Competitive interactions between culturable bacteria are highly non-additive
Abstract
Microorganisms are found in diverse communities whose structure and function are determined by interspecific interactions. Just as single species seldom exist in isolation, communities as a whole are also constantly challenged and affected by external species. Though much work has been done on characterizing how individual species affect each other through pairwise interactions, the joint effects of multiple species on a single (focal) species, remain under explored. As such, it is still unclear how single species effects combine to a community-level effect on a species of interest. To explore this relationship, we assayed thousands of communities of two, three, and four bacterial species, measuring the effect of single, pairs of, and trios of 61 affecting species on six different focal species. We found that when multiple species each have a negative effect on a focal species, their joint effect is typically not given by the sum of the effects of individual affecting species.

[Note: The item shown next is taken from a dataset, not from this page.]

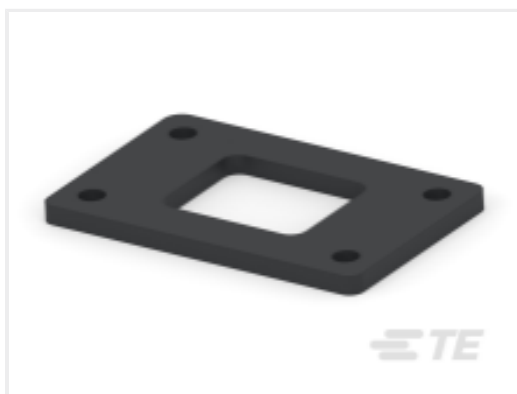
TE Part #DT8P-L012-GKT GASKET, 8P, BLK, DT/DTM

Rather, they are dominated by the strongest individual-species effect. Therefore, while joint effects of multiple species are often non-additive, they can still be derived from the effects of individual species, making it plausible to map complex interaction networks based on pairwise measurements. This finding is important for understanding the fate of species introduced into an occupied environment, and is relevant for applications in medicine and agriculture, such as probiotics and biocontrol agents, as well as for ecological questions surrounding migrating and invasive species.
Data availability
Sequencing data are provided in Data S1 file, and have been deposited to Genbank under accession codes OP389073-OP389107 and OP412780-OP412788.All data generated or analyzed during this study are available on GitHub, and can be found at https://zenodo.org/badge/latestdoi/534114367.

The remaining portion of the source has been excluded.